TASK BRIEF
Please restate the material below word for word, from the first line through the one that contains "Zusammenarbeit zu unterstützen", inclusive.

● ● ●

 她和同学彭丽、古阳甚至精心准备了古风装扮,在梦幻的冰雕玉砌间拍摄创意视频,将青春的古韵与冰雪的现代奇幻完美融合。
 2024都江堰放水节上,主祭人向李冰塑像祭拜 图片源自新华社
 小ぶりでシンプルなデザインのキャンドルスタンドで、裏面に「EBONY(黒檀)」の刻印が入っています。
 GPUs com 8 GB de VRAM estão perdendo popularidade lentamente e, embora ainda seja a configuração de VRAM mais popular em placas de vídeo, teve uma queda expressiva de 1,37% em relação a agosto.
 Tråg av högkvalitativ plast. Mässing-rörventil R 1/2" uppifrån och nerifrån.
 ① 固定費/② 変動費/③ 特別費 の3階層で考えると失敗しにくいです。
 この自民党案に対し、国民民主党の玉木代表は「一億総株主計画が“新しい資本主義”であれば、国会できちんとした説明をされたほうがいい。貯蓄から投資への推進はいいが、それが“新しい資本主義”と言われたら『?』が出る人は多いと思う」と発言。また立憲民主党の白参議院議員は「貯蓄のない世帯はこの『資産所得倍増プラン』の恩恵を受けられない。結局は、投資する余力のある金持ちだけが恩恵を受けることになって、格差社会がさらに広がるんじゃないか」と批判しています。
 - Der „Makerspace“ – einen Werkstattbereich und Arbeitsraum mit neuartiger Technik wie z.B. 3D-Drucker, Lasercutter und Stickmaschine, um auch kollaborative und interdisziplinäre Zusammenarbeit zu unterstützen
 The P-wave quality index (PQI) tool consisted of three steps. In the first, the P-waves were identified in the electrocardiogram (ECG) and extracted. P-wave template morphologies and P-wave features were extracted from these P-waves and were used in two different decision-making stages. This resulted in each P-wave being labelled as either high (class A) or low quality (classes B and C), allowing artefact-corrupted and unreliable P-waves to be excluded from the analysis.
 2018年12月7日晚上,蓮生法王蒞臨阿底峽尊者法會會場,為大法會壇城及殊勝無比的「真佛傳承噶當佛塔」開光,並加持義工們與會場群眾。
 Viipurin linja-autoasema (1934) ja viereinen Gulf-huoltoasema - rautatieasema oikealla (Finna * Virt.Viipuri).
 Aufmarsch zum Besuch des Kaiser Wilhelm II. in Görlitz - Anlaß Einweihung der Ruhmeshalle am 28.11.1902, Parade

● ● ●

OUTPUT
 她和同学彭丽、古阳甚至精心准备了古风装扮,在梦幻的冰雕玉砌间拍摄创意视频,将青春的古韵与冰雪的现代奇幻完美融合。
 2024都江堰放水节上,主祭人向李冰塑像祭拜 图片源自新华社
 小ぶりでシンプルなデザインのキャンドルスタンドで、裏面に「EBONY(黒檀)」の刻印が入っています。
 GPUs com 8 GB de VRAM estão perdendo popularidade lentamente e, embora ainda seja a configuração de VRAM mais popular em placas de vídeo, teve uma queda expressiva de 1,37% em relação a agosto.
 Tråg av högkvalitativ plast. Mässing-rörventil R 1/2" uppifrån och nerifrån.
 ① 固定費/② 変動費/③ 特別費 の3階層で考えると失敗しにくいです。
 この自民党案に対し、国民民主党の玉木代表は「一億総株主計画が“新しい資本主義”であれば、国会できちんとした説明をされたほうがいい。貯蓄から投資への推進はいいが、それが“新しい資本主義”と言われたら『?』が出る人は多いと思う」と発言。また立憲民主党の白参議院議員は「貯蓄のない世帯はこの『資産所得倍増プラン』の恩恵を受けられない。結局は、投資する余力のある金持ちだけが恩恵を受けることになって、格差社会がさらに広がるんじゃないか」と批判しています。
 - Der „Makerspace“ – einen Werkstattbereich und Arbeitsraum mit neuartiger Technik wie z.B. 3D-Drucker, Lasercutter und Stickmaschine, um auch kollaborative und interdisziplinäre Zusammenarbeit zu unterstützen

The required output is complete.